"Through Love Serve One Another" -- Galatians 5:7-15
The Tenth in a Series of Sermons on Galatians
Christ has set us free, which is why Paul exhorts the Galatians to stand firm in the face of those who seek to re-enslave them to the basic principles of the world. The freedom purchased for us (at the cost of the blood and sweat of Jesus) is a precious gift, and is therefore not to be wasted by indulging the sins of the flesh. Our freedom is to be manifest in love and service of our neighbors. For Paul, the choice is clear. Either we place our trust in the cross of Jesus Christ to find freedom–though it be a stumbling block to Jews and foolishness to Greeks–or else we fall prey to the Judaizers who would abolish the offence of the cross in order to preach a false gospel of human merit, enslaving us under the guise of restraining human sinfulness and earning favor with God.
In Galatians 5:1, Paul’s emphasis begins to shift to more practical matters–specifically the nature of the Christian life. Paul opens with an emphatic assertion; the purpose of the death of Jesus was to set believers free from the elementary principles of the world. Christ’s merits provide us with what we need to be found “right” before God (“justified”). To add the merit of human works (the basic principles of the world) to the merit earned for us by Christ is an affront to God. Our liberty in Christ is the basis for the Christian life because, as Christians, we have clean consciences before God because the guilt of our sin has been washed away by the blood of Christ. Since we are now in Christ, we are not bound by the Law as a means of earning a right standing with God.
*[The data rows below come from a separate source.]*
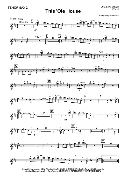 Digital Sheet Music for This 'Ole House - Tenor Sax 2 by Ed Wilson scored for Jazz Ensemble; id:356702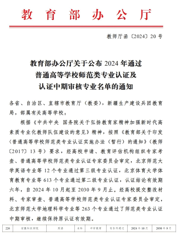 近日,教育部办公厅公布了2024年通过普通高等学校师范类专业认证及认证中期审核专业名单,我校英语专业通过师范类专业第二级认证,认证结论有效期六年(2024年10月至2030年9月)。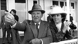 Smith became a trainer, acquiring his licence in 1941. His first success came in 1942 with Bragger a rogue horse he bought from Wagga property owner Mack Sawyer. He broke in the horse, and named him using his own nickname. Smith also registered racing silks of green and blue vertical stripes, which were to become famous in later years as the colours of Tulloch Lodge horses. He rented horse boxes in Kensington, housing Bragger in one box, while he lived in the other. According to Bill Whittaker, Smith won the nomination fee for Bragger by winning at two-up.[1] Bragger won 13 races including Smith's first Group 1 winner in the 1946 Railway Quality, establishing him as a Sydney trainer and Smith won a significant amount of money backing Bragger to win races. But when Bragger went for a spell, Smith blew all of his winnings on flashy suits, hired cars and drinking. Almost broke, Smith was saved when Bragger returned from his spell and won. After this episode Smith never went broke again. Bragger continued to win races until he was a ten-year-old, when he had to be destroyed after becoming caught in a float fire on his way home from a race meeting.[2][3]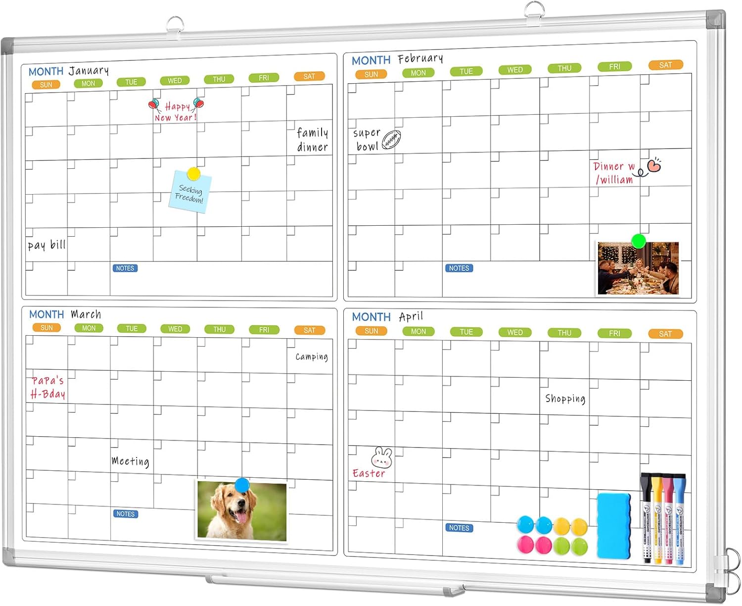 - 【Super Value Pack Included】Our calendar board comes with all the accessories you need—no additional purchase required. The set includes 4 markers (4 colors), 8 magnets, 1 dry erase eraser, a detachable tray, movable hooks, and wall-mount screw kits. Get started on your schedule planning right after unboxing.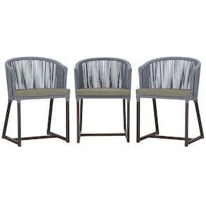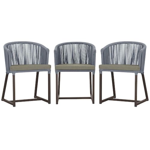 3 Cadeiras De Jantar Noronha Marrom Corda Náutica E8 Trama Prata

Once justified, we are free to obey the Law of God since we are no longer slaves to sin. This freedom is the basis for the Christian life.
Christian liberty ensures that we are no longer bound by “things indifferent”– those things which are not expressly prohibited in Holy Scripture, summed up in the prohibitions, “do not taste,” “do not handle,” “do not touch” (cf. Colossians 2:20-23). All those who have a right standing before God through faith in Christ are free from the elemental things which once enslaved us. Unless we are clear about this, we will not be clear about how to live the Christian life. The Judaizers in Galatia were having much success because they caused great confusion about the gospel, deceiving people to return them to slavery.
Given the fact that Christ died to set Christians free from the very things to which the Judaizers were trying to re-enslave them, Paul exhorts the Galatians, both at the beginning and end of this section, to stand firm against these false teachers, and not allow themselves to again bear the “yoke of slavery” (likely a Rabbinic phrase for obedience to the law of Moses). If anyone does return to law-keeping as a means of earning favor with God, Paul says, they will fall from grace and be severed from Christ (Gal. 5:4). This is no intermural debate. Paul tells us that justification produces freedom in Christ. Yet, the false gospel proclaimed by the Judaizers brings about slavery and bondage to the very things for which Christ died to free us. If we don’t resist them we’ll end up re-enslaved back to basic principles.
But Paul is no libertine as the Judaizers were falsely contending. You can just hear them telling the Galatians in Paul’s absence, “if Paul teaches that we are justified by faith alone and not by works, what place does that leave for good works?” “If people really believe Paul, they will live lives characterized by sin and self indulgence, not good works.” You can just imagine the Judaizers pointing out to everyone who will listen those immature individuals who use the gospel as an excuse to sin, as supposed proof that Paul’s gospel is dangerous. Paul does not take the bait. Instead, he preaches the gospel of free grace, justification by faith alone, and Christian liberty louder and longer. This epistle is proof.
The problem is not that the gospel leads to license, but that those who live in such fashion do not understand, or (in certain cases) truly do not believe the gospel. Paul’s doctrine is that the faith which justifies, is also a faith which works in love, not so that we can be justified, but because we are already justified. One who trusts in the merits of Christ is set free to strive to obey the Law of God. But the religion of the Judaizers, on the other hand, is a religion of fear, doubt, and slavery.